Surprise. The tablet was not visible in the Eclipse Run and Debug dialogs.  

With a little help this friend came out of the box in my adb. 
I could see that it was connected to my Mac, but adb did not pick it up. Reboots etc. did not help. Google. Result: I am not the only one having that problem and it seems to concern other tablets too. So here is the treat:


Step 1. Connect the tablet to you Mac
Sometimes we forget this step and looking for errors then becomes … interesting.

Step 2. Prepare the tablet
Go to your tablet settings
  • Check "Applications > Unknown Sources"
  • Check everything under "Applications > Development". Note: These settings are for development only and should be disabled for security (and battery) reasons when you use the device in the "real world" (or the "Matrix", if you prefer).
  • Check Accounts & sync > Allow sync with PC
  • Select USB Settings > "Charge Only" (I use this setting, "Transfer files" seems to work, too)

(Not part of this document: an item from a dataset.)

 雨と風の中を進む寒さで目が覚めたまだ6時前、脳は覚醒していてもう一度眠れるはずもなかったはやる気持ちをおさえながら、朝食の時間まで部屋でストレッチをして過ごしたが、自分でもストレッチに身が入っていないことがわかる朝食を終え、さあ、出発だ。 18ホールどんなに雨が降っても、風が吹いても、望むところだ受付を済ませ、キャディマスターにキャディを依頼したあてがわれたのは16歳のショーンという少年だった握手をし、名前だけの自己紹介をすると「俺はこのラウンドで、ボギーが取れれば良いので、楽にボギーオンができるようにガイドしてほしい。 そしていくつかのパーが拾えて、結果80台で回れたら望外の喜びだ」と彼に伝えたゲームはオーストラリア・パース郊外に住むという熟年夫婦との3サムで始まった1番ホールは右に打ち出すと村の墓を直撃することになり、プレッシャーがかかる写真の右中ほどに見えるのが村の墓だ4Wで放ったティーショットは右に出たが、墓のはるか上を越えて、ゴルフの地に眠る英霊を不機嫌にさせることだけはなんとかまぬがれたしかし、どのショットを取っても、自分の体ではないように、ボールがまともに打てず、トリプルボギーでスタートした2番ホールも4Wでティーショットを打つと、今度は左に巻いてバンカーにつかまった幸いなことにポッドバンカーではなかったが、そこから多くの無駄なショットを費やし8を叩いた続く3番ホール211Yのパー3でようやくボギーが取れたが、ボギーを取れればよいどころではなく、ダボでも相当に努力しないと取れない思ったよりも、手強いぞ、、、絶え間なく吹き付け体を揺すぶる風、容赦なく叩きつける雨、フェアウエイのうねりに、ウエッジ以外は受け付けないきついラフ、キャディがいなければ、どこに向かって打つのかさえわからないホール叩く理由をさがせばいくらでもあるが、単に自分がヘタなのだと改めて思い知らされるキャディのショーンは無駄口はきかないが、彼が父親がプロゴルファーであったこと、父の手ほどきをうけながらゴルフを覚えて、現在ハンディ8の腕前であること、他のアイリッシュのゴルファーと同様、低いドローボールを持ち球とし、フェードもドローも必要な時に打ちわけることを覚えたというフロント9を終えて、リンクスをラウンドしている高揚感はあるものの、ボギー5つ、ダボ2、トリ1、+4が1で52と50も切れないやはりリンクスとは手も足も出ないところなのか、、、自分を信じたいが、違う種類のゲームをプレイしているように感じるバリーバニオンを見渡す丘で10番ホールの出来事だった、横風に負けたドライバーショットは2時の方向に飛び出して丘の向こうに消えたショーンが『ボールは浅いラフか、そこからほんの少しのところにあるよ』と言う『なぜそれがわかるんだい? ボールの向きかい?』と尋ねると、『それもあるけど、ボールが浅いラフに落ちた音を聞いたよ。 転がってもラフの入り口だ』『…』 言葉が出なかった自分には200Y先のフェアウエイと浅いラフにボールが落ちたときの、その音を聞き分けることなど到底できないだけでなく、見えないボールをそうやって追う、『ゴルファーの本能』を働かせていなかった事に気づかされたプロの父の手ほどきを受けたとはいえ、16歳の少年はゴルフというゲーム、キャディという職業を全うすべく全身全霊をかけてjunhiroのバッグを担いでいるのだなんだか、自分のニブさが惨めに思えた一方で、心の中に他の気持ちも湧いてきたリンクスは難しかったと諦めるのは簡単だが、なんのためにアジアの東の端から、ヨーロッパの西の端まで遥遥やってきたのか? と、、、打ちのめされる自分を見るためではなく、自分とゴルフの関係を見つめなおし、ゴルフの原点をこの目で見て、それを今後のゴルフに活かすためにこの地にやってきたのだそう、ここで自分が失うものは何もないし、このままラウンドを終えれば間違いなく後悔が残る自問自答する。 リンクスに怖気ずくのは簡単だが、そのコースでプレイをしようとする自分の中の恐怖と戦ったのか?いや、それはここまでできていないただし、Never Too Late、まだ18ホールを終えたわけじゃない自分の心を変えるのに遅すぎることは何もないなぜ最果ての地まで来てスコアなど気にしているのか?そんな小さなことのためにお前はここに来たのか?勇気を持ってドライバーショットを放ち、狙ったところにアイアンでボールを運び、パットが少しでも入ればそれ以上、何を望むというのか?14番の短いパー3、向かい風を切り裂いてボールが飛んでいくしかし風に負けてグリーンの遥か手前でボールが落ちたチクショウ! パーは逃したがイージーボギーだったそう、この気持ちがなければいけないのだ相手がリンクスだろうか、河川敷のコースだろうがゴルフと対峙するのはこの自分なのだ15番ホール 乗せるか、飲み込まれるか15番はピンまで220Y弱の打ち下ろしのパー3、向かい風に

Step 3. Open a shell and run 
adb devices 
If you get an error message like "command not found" you should set up your Android development tools. If the output of the command is empty, however, then you have the same problem that I had. Read on...

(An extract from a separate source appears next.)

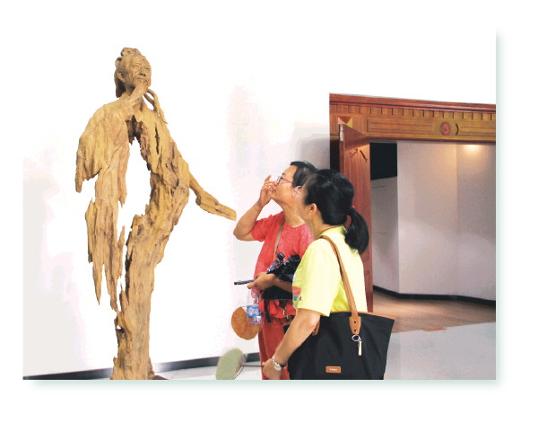 市民站在这些颇具个人特色的木根雕作品前仔细观摩,赞不绝口。

This means that the Android Debug Bridge does not recognize the device. On a different OS, you could probably fix it by installing specific USB drivers, but on a Mac?  After googling around a bit, I found the money quote in the Android documentation for setting up your device.

If you're developing on Mac OS X, it just works.

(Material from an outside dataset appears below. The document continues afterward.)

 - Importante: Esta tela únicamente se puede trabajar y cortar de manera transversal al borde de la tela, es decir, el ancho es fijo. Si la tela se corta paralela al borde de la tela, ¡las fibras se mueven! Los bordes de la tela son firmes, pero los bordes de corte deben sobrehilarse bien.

Yes it does. Except when it doesn't. 


Thanks to user "Volker1" in the Lenovo forums for pointing out this solution to the problem:

Step 4. Get the USB Vendor ID for your tablet
You can get this from "About this Mac" in the detailed listing under Hardware > USB. You can also look up a number of known USB vendor IDs here. For Lenovo it is "0x17ef". 

Step 5. Edit the file .android/adb_usb.ini 
This file is in you HOME directory, so if you use vi, do vi ~/.android/adb_usb.ini

Add a line just with the ID from step 4, so in my case after editing the file looks like this:

# ANDROID 3RD PARTY USB VENDOR ID LIST -- DO NOT EDIT.
# USE 'android update adb' TO GENERATE.
# 1 USB VENDOR ID PER LINE.
0x17ef

Note the capital "DO NOT EDIT" and the second line: "USE 'android update adb'  TO GENERATE." I tried and this DID NOT WORK. So I DID EDIT. Shouting doesn't help here either.

Step 6. Then do in a shell
adb kill-server
adb start-server
adb devices

Now should see your tablet and can deploy your code from Eclipse too. And it just works.